_What you will do_. Please output exactly the lines below, starting at the line that has "Het perceel waarop" and ending at the line that has "Modern Moroccan inspired", both included; leave out all pictures and include nothing else.
■ ■ ■ ■
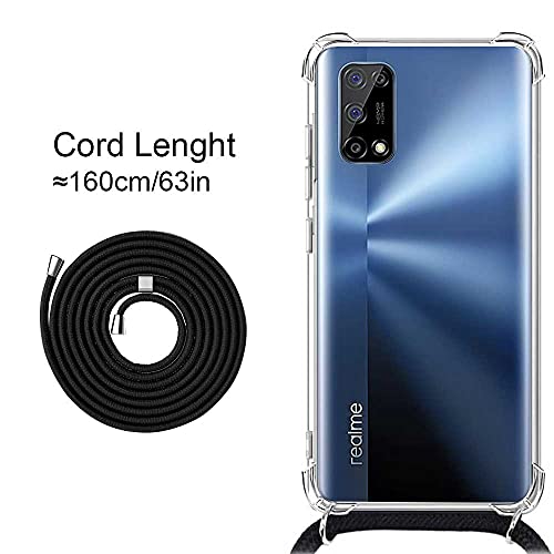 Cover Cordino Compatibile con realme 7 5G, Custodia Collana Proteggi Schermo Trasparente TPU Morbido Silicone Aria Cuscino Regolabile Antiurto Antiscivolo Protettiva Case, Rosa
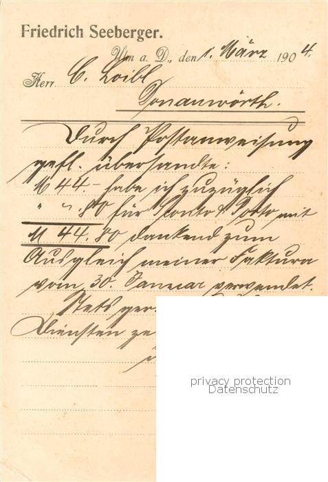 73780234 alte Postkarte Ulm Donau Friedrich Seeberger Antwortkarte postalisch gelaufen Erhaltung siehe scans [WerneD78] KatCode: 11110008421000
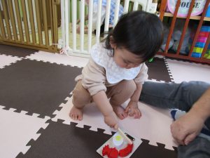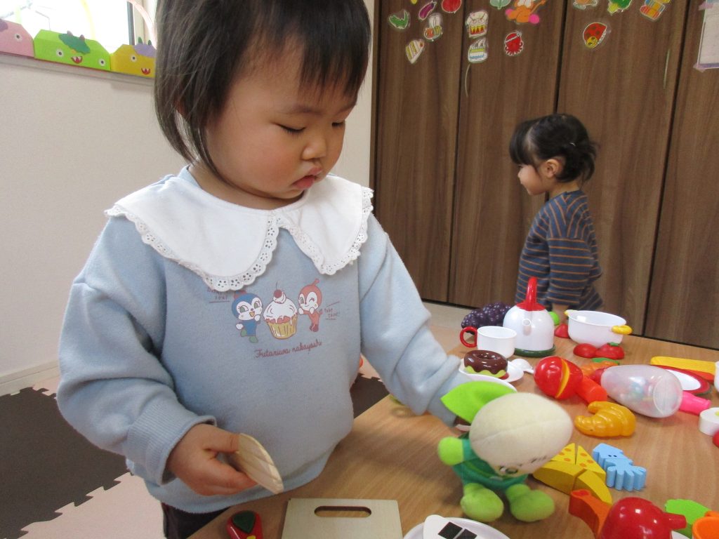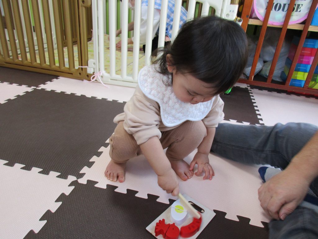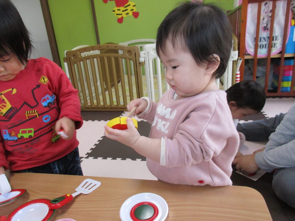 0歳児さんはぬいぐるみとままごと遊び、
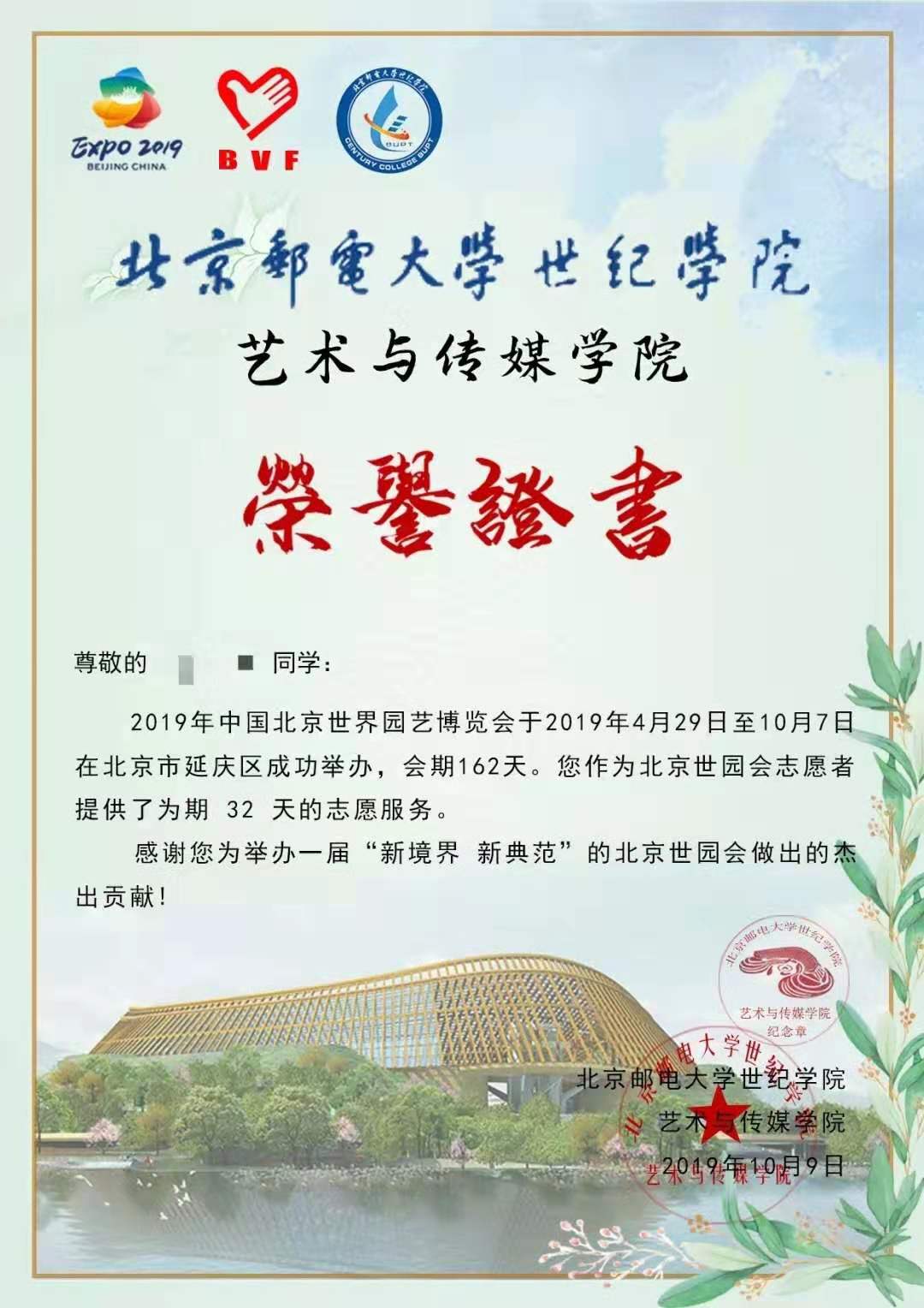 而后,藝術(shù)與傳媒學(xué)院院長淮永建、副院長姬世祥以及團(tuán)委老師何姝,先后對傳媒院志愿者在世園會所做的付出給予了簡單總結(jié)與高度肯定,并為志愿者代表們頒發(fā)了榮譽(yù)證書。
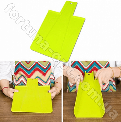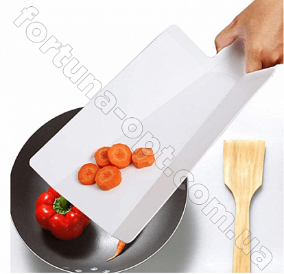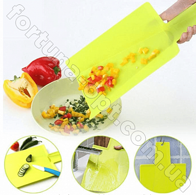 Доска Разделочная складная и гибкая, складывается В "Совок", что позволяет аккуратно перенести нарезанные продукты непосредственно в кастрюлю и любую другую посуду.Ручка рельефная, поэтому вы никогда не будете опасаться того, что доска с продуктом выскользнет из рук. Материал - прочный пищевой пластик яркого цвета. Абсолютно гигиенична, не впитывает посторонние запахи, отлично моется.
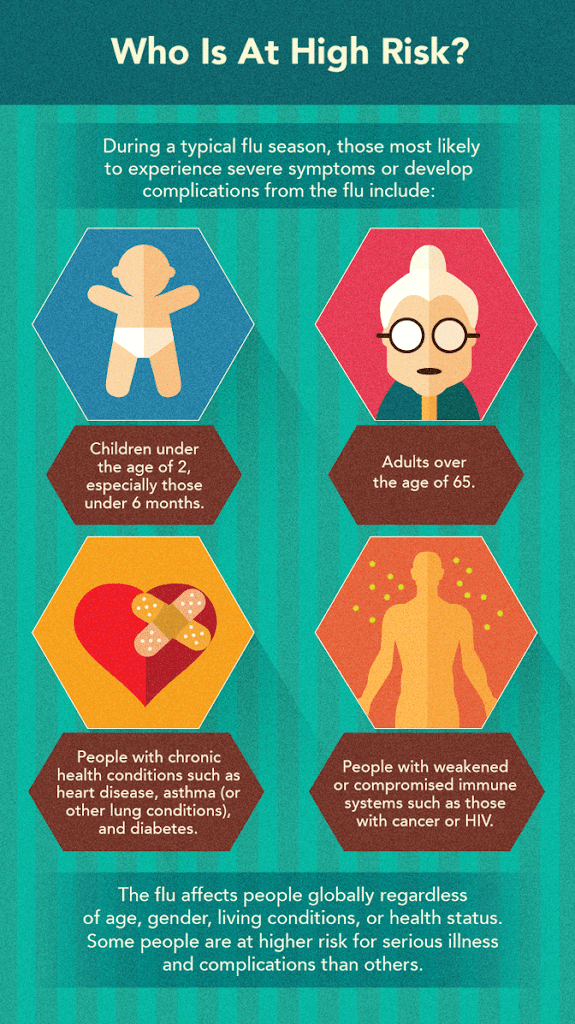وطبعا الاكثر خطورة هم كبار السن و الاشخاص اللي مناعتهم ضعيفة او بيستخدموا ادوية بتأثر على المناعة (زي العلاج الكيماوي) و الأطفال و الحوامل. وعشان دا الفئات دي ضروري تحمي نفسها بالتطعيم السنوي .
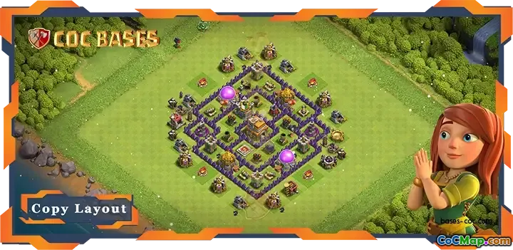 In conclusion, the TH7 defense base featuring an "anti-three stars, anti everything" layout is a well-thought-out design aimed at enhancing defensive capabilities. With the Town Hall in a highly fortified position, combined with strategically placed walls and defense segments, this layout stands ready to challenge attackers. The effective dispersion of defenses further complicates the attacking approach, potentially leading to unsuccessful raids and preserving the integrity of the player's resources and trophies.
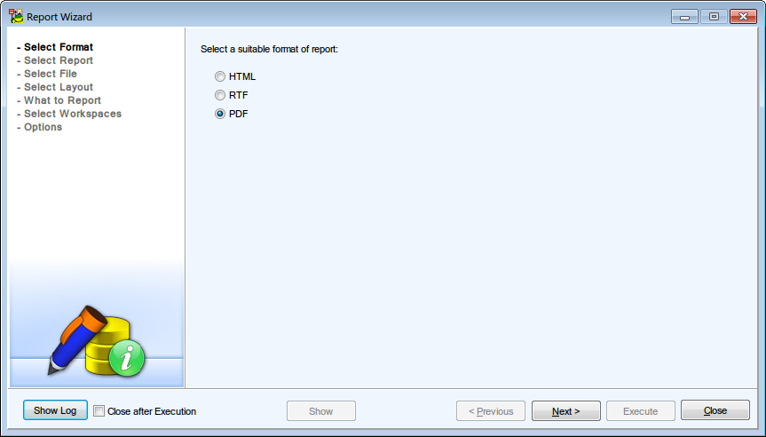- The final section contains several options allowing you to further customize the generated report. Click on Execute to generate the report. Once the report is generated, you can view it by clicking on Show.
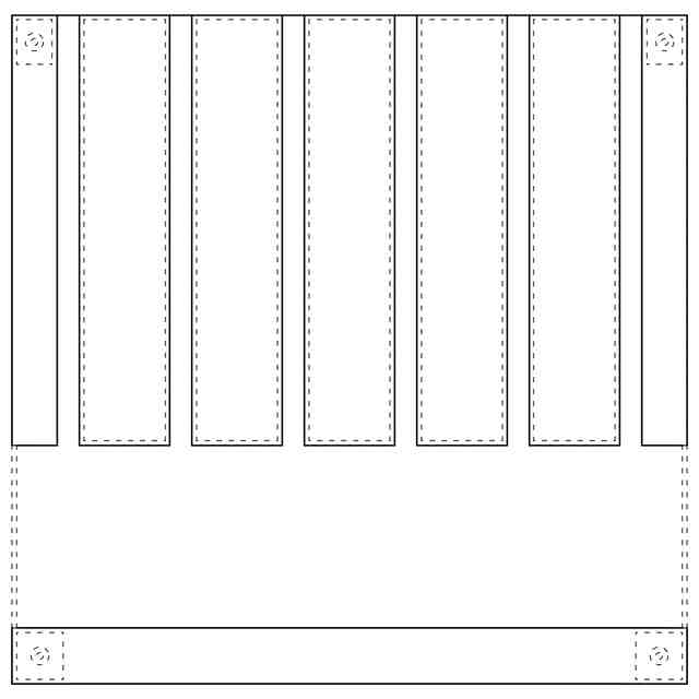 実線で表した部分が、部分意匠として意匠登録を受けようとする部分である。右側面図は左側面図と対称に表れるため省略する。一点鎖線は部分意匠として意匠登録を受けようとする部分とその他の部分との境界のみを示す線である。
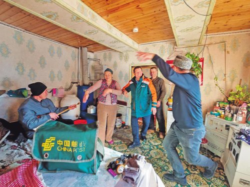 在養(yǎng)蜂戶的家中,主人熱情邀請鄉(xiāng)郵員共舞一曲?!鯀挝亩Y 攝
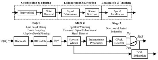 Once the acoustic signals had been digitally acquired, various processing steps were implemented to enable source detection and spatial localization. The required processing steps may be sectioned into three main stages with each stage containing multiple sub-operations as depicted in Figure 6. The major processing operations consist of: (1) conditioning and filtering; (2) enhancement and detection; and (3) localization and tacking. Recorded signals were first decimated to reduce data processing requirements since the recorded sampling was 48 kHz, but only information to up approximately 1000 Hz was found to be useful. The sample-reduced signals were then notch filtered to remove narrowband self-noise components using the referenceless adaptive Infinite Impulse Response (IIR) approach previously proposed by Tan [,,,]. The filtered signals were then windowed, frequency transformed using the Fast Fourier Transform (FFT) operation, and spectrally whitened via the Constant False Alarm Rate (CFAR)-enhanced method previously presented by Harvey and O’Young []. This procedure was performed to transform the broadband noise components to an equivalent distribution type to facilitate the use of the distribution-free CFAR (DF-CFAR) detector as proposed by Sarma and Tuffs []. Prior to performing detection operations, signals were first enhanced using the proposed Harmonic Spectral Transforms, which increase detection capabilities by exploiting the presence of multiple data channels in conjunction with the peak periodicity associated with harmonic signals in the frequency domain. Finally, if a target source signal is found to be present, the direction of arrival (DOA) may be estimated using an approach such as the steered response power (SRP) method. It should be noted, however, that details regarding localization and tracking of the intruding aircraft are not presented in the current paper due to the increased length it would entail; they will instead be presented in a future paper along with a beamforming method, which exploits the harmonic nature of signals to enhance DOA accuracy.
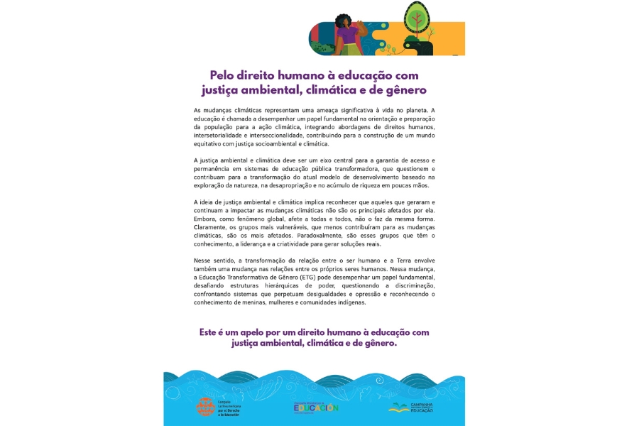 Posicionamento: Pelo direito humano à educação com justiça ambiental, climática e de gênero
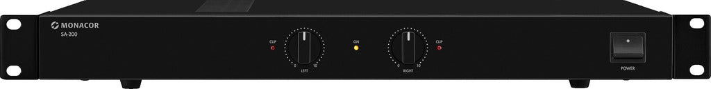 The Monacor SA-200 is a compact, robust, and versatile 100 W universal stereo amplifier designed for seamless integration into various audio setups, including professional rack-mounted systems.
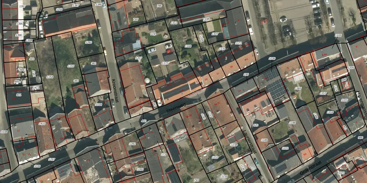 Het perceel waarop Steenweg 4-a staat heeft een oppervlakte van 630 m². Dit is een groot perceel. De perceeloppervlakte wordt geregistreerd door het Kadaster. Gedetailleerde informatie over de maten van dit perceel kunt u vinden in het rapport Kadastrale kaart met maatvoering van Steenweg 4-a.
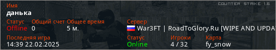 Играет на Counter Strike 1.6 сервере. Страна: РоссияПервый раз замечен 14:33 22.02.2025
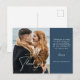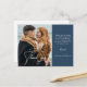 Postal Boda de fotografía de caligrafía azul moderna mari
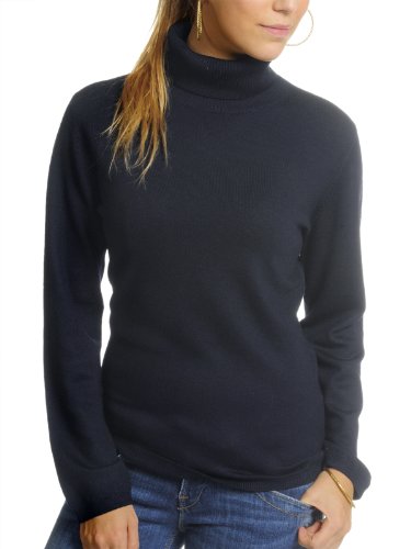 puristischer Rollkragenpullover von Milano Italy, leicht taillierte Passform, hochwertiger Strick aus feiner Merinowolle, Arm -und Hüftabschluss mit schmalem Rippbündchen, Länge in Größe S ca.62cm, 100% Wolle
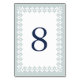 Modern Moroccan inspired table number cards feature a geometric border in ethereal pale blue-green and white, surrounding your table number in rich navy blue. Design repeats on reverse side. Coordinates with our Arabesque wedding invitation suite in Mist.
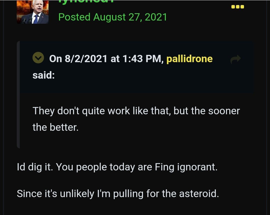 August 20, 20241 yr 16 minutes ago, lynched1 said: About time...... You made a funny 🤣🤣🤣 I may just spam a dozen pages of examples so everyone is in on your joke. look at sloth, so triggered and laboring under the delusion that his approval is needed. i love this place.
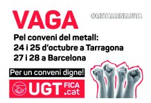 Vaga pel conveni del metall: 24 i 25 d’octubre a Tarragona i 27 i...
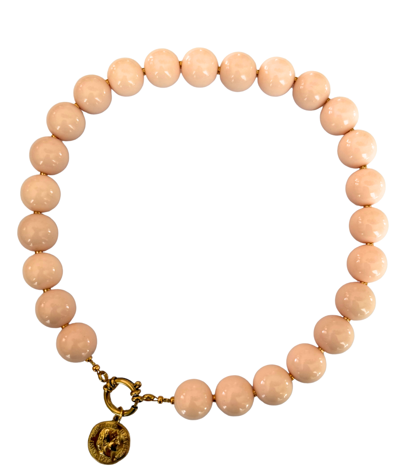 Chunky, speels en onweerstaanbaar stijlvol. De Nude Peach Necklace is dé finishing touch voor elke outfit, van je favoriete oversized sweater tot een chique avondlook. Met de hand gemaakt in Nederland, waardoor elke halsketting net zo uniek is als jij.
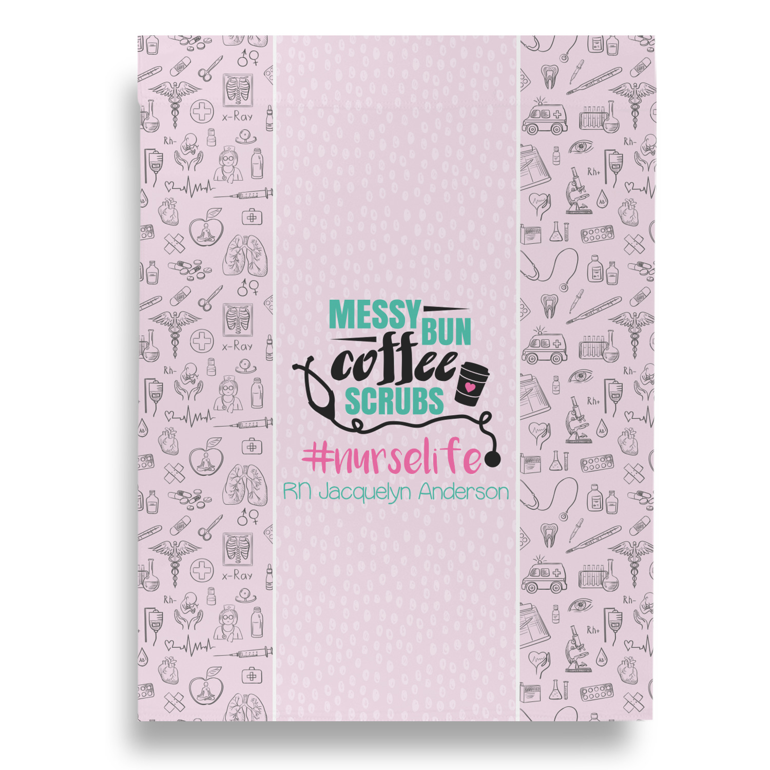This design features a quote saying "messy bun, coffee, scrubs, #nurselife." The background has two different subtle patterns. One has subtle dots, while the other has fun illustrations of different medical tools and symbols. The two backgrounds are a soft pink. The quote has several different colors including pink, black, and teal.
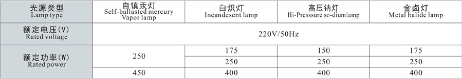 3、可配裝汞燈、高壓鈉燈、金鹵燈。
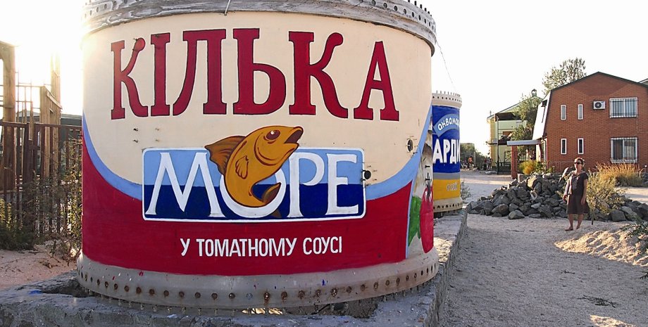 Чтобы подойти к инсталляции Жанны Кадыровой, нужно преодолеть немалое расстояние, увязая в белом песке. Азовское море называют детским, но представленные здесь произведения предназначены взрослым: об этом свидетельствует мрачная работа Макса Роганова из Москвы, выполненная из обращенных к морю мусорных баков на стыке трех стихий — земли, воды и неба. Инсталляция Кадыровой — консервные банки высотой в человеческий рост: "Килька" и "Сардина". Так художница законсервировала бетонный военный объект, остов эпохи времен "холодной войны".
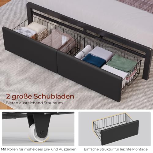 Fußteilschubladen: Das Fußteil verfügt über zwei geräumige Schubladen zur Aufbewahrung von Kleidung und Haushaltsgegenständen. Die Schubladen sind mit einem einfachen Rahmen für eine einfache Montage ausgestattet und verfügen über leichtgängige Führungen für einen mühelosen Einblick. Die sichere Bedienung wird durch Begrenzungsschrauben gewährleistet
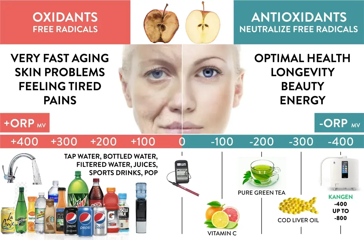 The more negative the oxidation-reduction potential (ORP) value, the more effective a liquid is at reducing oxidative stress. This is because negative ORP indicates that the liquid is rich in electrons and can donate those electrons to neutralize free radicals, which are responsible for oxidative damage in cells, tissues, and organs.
■ ■ ■ ■
_Written answer_.
 Het perceel waarop Steenweg 4-a staat heeft een oppervlakte van 630 m². Dit is een groot perceel. De perceeloppervlakte wordt geregistreerd door het Kadaster. Gedetailleerde informatie over de maten van dit perceel kunt u vinden in het rapport Kadastrale kaart met maatvoering van Steenweg 4-a.
 Играет на Counter Strike 1.6 сервере. Страна: РоссияПервый раз замечен 14:33 22.02.2025
 Postal Boda de fotografía de caligrafía azul moderna mari
 puristischer Rollkragenpullover von Milano Italy, leicht taillierte Passform, hochwertiger Strick aus feiner Merinowolle, Arm -und Hüftabschluss mit schmalem Rippbündchen, Länge in Größe S ca.62cm, 100% Wolle
 Modern Moroccan inspired table number cards feature a geometric border in ethereal pale blue-green and white, surrounding your table number in rich navy blue. Design repeats on reverse side. Coordinates with our Arabesque wedding invitation suite in Mist.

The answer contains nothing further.